During campaigning for the 2013 German federal election, he invited Chancellor Angela Merkel to visit Dachau, making her the first chancellor to visit the former concentration camp. Though residents praised Merkel's move, it was also viewed as a potential electoral ploy. He died on 23 September 2016, aged 96.

== Honors and awards ==
Mannheimer was awarded the Waldemar von Knoeringen Prize from the Georg von Vollmar Academy. The prize is awarded every two years to outstanding individuals who advance the cause of labour and democratic socialism.
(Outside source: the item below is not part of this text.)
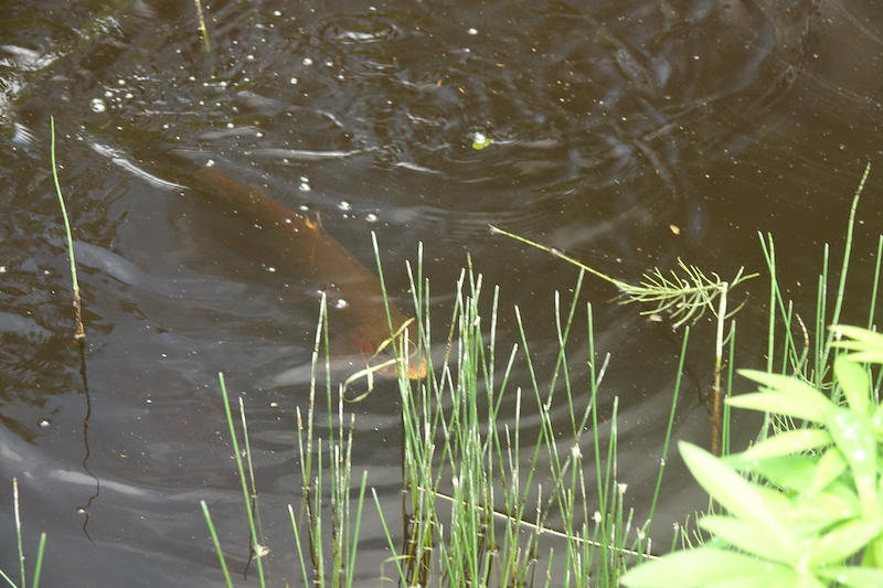 Pekalla on kasvamassa jonkin verran kaloja ja tässä ilmeisesti kaveri odottaa , että heittäisin jotain sille. Sen homman jätin nytkin Pekalle.

Other awards and honors include:

- Knight of the French Legion of Honor (Chevalier de la Légion d'Honneur)
- Georg von Vollmar Medal
- Wilhelm Hoegner Prize
- Auschwitz Cross
- Honorary citizen, City of Neutitschein
- Upper Bavarian Cultural Prize, 2005
- Federal Cross of Merit
- Bavarian Order of Merit
- Bavarian Constitutional Medal, (silver)
- Honorary doctorate, LMU Munich, 2000
- Bavarian Constitutional Medal, (gold), 2009

== Books ==
- Spätes Tagebuch. Pendo Verlag, Zürich 2005, ISBN 3-86612-069-9
- A Diary Delayed. (English translation by Kathryn Woodard). Oettingen Press , 2018.